Date Published: June 20, 2019
Publisher: Public Library of Science
Author(s): Ellen H. Koo, William J. Feuer, Richard K. Forster, Yan Li.
To compare the amount of myopia induced by same-size donor-to-host penetrating keratoplasty with that of the amount of myopia induced by over-sized donor-to-host penetrating keratoplasty.
Tertiary referral academic center.
Retrospective cohort study.
Charts from patients who underwent penetrating keratoplasty by the same technique at Bascom Palmer Eye Institute between Nov 1, 2002, and January 1, 2006, were reviewed.
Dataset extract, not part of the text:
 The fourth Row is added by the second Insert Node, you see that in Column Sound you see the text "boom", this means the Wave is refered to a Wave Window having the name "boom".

The patients underwent optical penetrating keratoplasty using 12 interrupted 10–0 nylon sutures and a 12-bite continuous 10–0 nylon suture by a single surgeon (R.K.F.). The surgical technique used would be considered standard of care at most institutions. The Institutional Review Board, University of Miami Human Subjects Research Office, approved the study protocol. The donor graft was over-sized by 0.25mm in eyes when the intended final refractive target was greater than -1.00 diopters spherical equivalent (SE). The same-size donor graft was used when the intended final refractive target was less than -1.00 diopters SE. The selection of donor graft size was entirely based upon clinical parameters, meaning that the intended final refractive target was determined per each patient’s fellow eye refraction, with the intention of reducing anisometropia. All patients received postoperative refraction and corneal topography. These measurements were performed at 6–8 weeks when the initial removal of sutures commenced, then at 6 months, then after completion of selective suture removal, then again at 12 months.
At 12 months, the over-sized group resulted in -1.35 diopters (SD = 2.25) SE of refraction, and the same-size group resulted in -0.14 diopters (SD = 2.42) SE. This approached statistical significance (p = 0.052) in comparison to -1.00 diopters spherical equivalent.
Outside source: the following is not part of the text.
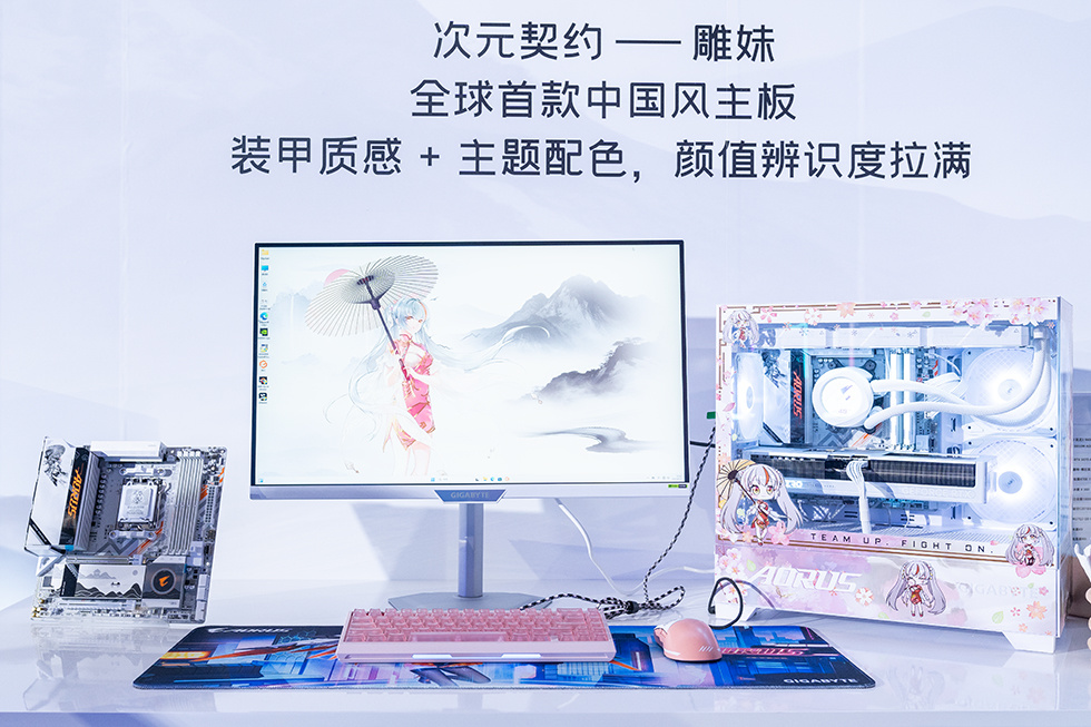 當然對於喜歡二次元IP的玩家來講,B850M 雕妹主板首創國風祥雲散熱片,粉色 PCB + 櫻花紋路,在外觀上打破傳統,讓 “女生裝機選黑色” 成爲過去式。

Using a donor graft that is over-sized by 0.25mm results in refraction of -1.00 diopters SE or more of myopia. Using a same-size donor-graft results in refraction of less than -1.00 diopters SE. Therefore, careful graft-size selection can result in a more favorable clinical outcome—namely, reduction in anisometropia—in patients undergoing penetrating keratoplasty.
One of the biggest challenges after penetrating keratoplasty (PKP) is the management of the patient’s refractive outcome. To this date, the refractive outcome after PKP still remains variable, even though graft survival rate 3–5 years following penetrating keratoplasty has reached 90%[1–3]. The lack of predictability is a challenge both for clinician and the patient, as a reasonable refractive outcome translates into meaningful vision for the patient.
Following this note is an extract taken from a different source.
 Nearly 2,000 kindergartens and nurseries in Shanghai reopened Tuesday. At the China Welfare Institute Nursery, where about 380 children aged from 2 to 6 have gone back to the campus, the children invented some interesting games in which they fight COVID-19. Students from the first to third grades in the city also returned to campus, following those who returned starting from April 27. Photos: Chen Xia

Penetrating keratoplasty (PKP) continues to play an important role in visual rehabilitation for patients with corneal opacities. However, a clear cornea is usually insufficient for meaningful visual functioning for the patient. The refractive outcomes—which include myopia, astigmatism and anisometropia—need to be optimized in order to maximize visual functioning. Unwanted extremes in refractive outcomes after penetrating keratoplasty continue to be a challenge in visual rehabilitation after penetrating keratoplasty. Anisometropia needs to be minimized to allow for successful binocular visual functioning for the patient after penetrating keratoplasty.